## Dataset records:
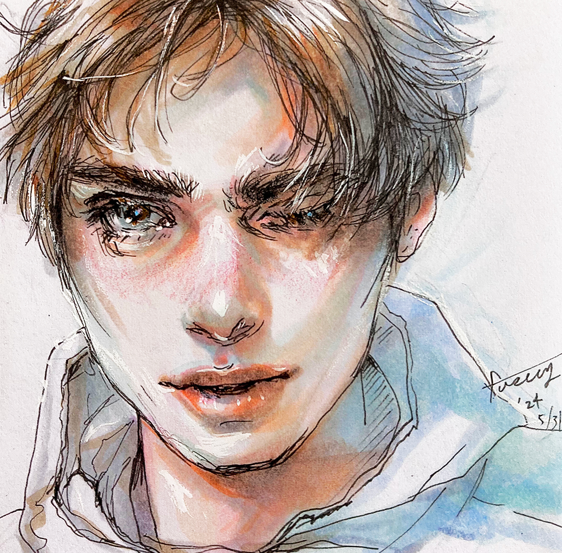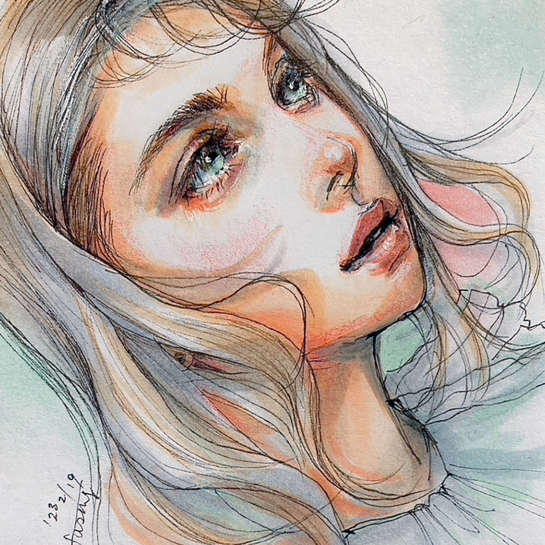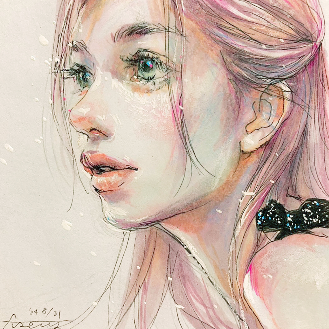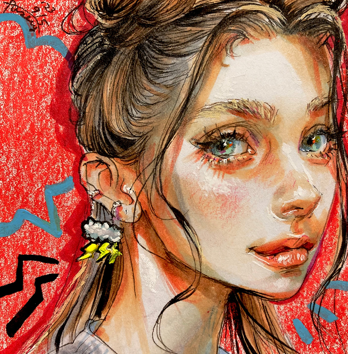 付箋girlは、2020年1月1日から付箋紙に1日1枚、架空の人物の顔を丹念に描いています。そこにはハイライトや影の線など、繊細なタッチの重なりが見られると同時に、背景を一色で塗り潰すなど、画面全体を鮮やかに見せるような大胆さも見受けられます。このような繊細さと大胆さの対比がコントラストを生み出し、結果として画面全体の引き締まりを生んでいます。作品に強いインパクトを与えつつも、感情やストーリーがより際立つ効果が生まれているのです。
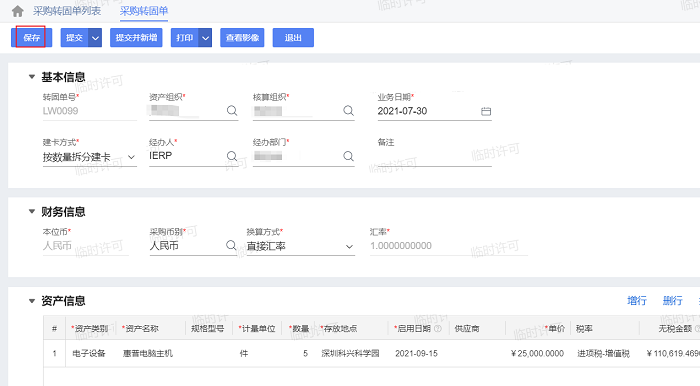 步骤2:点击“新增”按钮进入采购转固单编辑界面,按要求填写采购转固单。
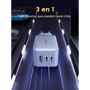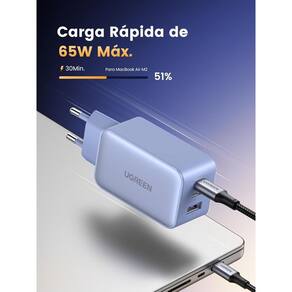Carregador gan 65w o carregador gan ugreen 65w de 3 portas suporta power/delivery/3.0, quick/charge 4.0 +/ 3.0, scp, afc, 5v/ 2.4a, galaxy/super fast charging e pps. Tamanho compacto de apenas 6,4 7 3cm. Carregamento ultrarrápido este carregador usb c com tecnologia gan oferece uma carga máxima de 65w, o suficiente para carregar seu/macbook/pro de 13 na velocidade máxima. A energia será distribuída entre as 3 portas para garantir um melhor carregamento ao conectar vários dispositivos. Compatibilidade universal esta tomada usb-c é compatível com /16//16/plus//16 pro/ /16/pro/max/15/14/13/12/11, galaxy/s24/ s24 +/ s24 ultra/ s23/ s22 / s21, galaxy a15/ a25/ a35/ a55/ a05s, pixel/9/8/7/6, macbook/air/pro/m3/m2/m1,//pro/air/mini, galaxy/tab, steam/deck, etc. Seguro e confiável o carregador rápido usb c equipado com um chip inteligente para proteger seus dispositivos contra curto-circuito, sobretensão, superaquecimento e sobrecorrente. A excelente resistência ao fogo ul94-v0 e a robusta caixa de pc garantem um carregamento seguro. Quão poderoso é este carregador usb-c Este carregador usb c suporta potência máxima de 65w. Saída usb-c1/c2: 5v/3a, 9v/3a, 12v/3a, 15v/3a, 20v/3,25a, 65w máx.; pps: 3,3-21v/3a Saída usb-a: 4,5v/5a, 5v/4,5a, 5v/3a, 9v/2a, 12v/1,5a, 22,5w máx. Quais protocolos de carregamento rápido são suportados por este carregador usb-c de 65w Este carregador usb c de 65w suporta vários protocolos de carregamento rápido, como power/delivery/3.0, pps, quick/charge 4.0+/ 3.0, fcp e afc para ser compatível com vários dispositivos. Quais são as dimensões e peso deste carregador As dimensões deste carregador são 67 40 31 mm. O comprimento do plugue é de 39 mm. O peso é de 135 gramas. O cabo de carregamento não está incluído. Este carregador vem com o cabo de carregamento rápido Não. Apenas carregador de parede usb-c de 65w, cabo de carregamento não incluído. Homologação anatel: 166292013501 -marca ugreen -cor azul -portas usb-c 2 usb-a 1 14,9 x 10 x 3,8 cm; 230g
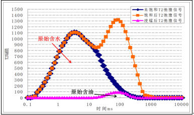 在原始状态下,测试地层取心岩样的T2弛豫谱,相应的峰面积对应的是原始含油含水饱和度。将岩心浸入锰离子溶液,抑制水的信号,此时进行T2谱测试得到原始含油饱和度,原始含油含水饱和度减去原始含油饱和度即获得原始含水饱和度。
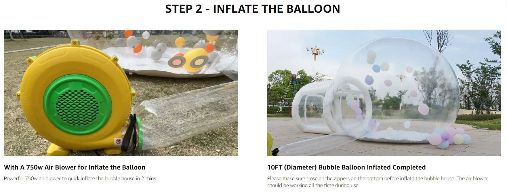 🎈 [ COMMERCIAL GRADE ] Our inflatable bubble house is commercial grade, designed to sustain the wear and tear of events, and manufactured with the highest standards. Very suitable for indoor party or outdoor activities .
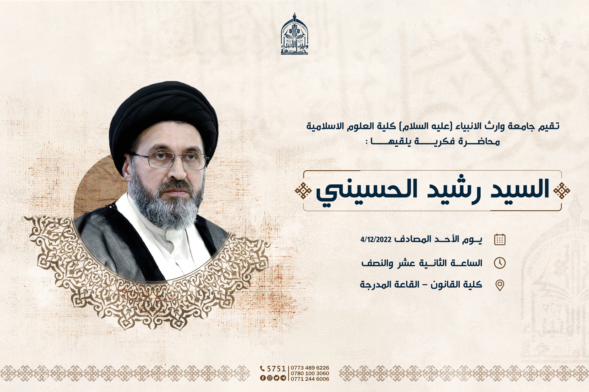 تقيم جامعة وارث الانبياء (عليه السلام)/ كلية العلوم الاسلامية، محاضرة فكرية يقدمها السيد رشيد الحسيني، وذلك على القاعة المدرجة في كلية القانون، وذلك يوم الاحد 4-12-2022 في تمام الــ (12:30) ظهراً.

## Task requirements:
The required output is the lines from the one containing "在原始状态下,测试地层取心岩" through the end of the data, printed exactly, with no pictures.

## Exercise answer:
 在原始状态下,测试地层取心岩样的T2弛豫谱,相应的峰面积对应的是原始含油含水饱和度。将岩心浸入锰离子溶液,抑制水的信号,此时进行T2谱测试得到原始含油饱和度,原始含油含水饱和度减去原始含油饱和度即获得原始含水饱和度。
 🎈 [ COMMERCIAL GRADE ] Our inflatable bubble house is commercial grade, designed to sustain the wear and tear of events, and manufactured with the highest standards. Very suitable for indoor party or outdoor activities .
 تقيم جامعة وارث الانبياء (عليه السلام)/ كلية العلوم الاسلامية، محاضرة فكرية يقدمها السيد رشيد الحسيني، وذلك على القاعة المدرجة في كلية القانون، وذلك يوم الاحد 4-12-2022 في تمام الــ (12:30) ظهراً.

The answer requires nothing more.